これによれば、奈良時代なかばの天平勝宝2年(750)には下鴨神社の神田が存在し、財政的基盤を確立していたのだから、遅くともそれまでには下鴨神社が創祀されていたということになる。
一方、賀茂神社縁起である『山城国風土記』逸文の「賀茂社」条は、のちほど詳述するように、下鴨神社の前身とみられる神社に関しては言及がみられるのだが、「賀茂御祖神社」やこれに類する社名は出てこない。『山城国風土記』の正確な成立年は不明だが、元明天皇が諸国に『風土記』編纂を命じたのが和銅6年(713)である。そこで、『山城国風土記』の成立を大ざっぱに720年前後(奈良時代のはじめ)と仮定すると、その時点では下鴨神社はまだ存在していなかったことになる。
こうしたことを踏まえるならば、下鴨神社の成立を720~750年頃とする仮説を立てることができよう。そしてここからさらに考えを広げるならば、「奈良時代のはじめ頃までは賀茂神社といえばひとつしかなく、それは現在の上賀茂神社にあたるものだった。しかし、しばらくすると、高野川と賀茂川の合流地付近にあった摂社を独立させるようなかたちで下鴨神社が誕生した」という推測も成り立つ。
仮にこの見方が正しいとして、では、なぜ下鴨神社が分立されたのか。歴史学者の井上光貞氏は、この謎に対して、『日本古代国家の研究』(1965年)の中である仮説を提示している。わかりやすくまとめるならば、およそ次のようになる。
「7世紀末から8世紀前半にかけて、賀茂神社では賀茂祭が群衆も参加して非常に盛大に行われるようになり、ときに乱闘が生じるほどだった。このことを危険視した朝廷側は、賀茂神社を弱体化させるべく2つに分けることとし、下鴨神社を新たに創祀させたのではないか」
たしかに、賀茂祭の度を超したにぎわいに朝廷が神経をとがらせていたらしいことは、賀茂祭の会集や騎射を禁止・制限する命令が1度ならず出されていた事実からもうかがえる(『続日本紀』文武天皇2年〔698〕3月21日条、大宝2年〔702〕4月3日条など)。
井上氏は下鴨神社の分立に伴って、賀茂神社の神官を務めてきた賀茂一族も分立したとしている。そして下鴨神社の社家鴨氏(鴨県主)の古系図を考証し、分立後、下鴨神社の最初の禰宜を務めたのは、系図上の始祖大伊乃伎命之子(賀茂建角身命の12世孫だという)の8世孫鴨主国だろうと推定している。主国は、古系図の注記によれば天平年間(729~749年)に禰宜になった人物である。

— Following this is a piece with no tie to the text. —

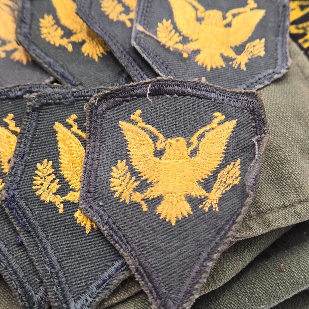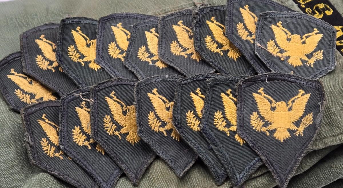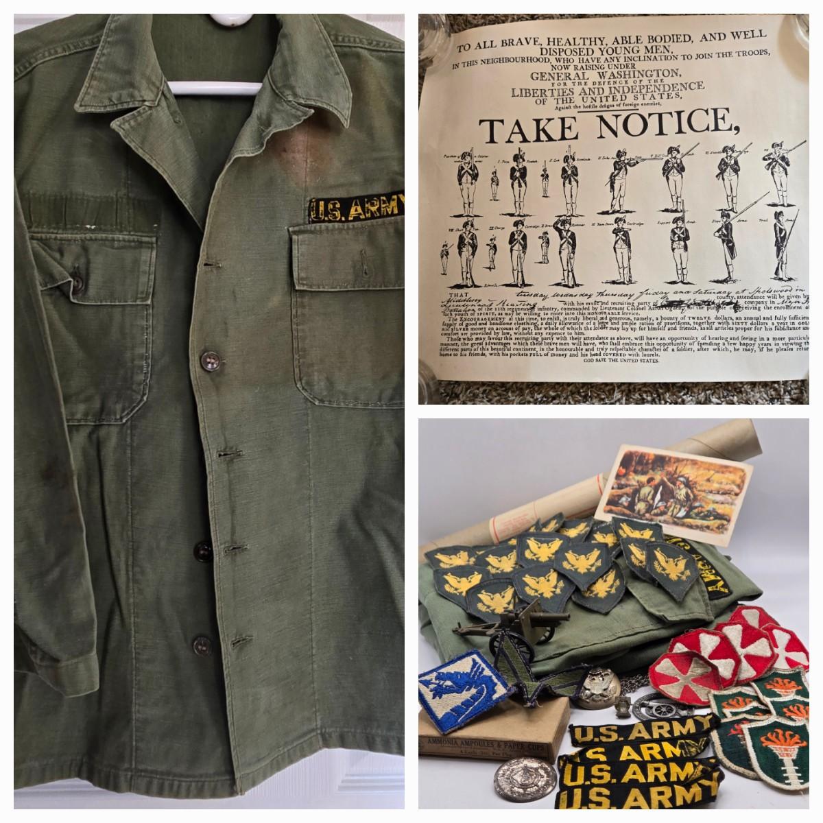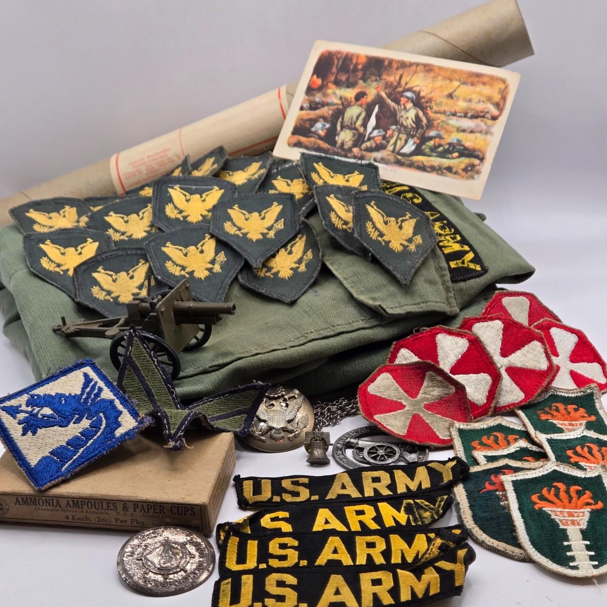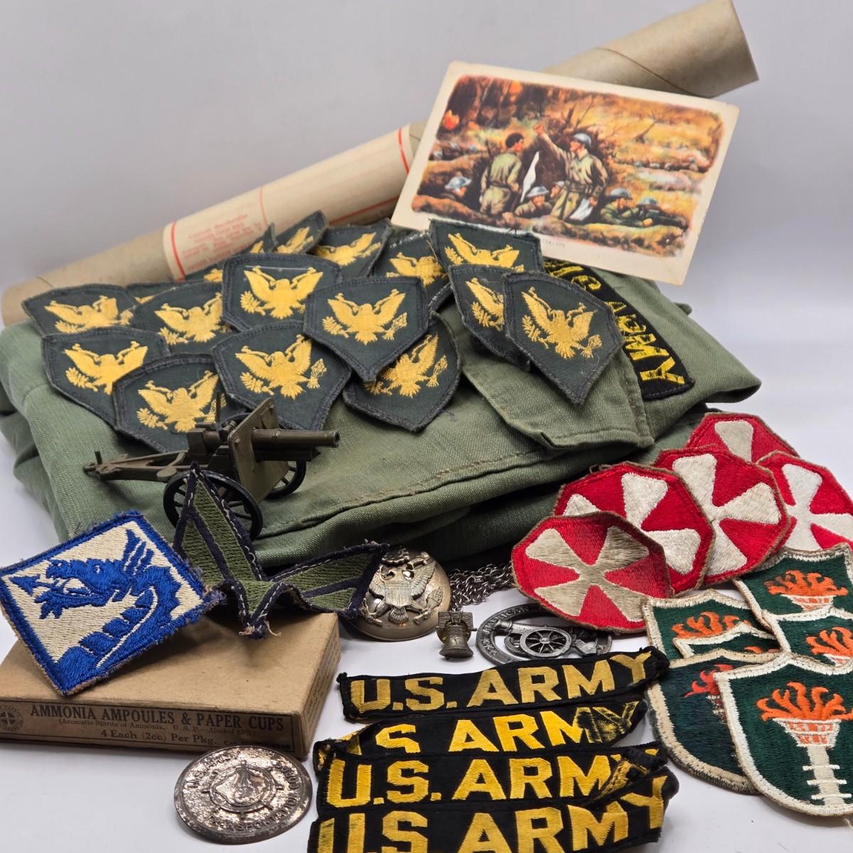 LOT 556: Army Jacket, Multiple Patches, Notice of Recruitment, Metal Pins, Cannon, & Charm, Postcard, & First Aid smelling Salts

結局、下鴨神社の分立は、国家が統制に乗り出さざるを得ないほどに賀茂神社の神威が強力なものとして認識されていたことの裏返しだろう。朝廷は京都盆地で賀茂氏が強大化することを恐れた、という見方も可能である。
しかし、結果から言えば、賀茂神社の勢いがこうした措置によって抑えられることはなかった。しかも平安京ができると、都の古社である下・上賀茂社は皇室から篤い崇敬を受けるようになり、王城鎮護の神社として伊勢神宮に次ぐ存在になってゆく。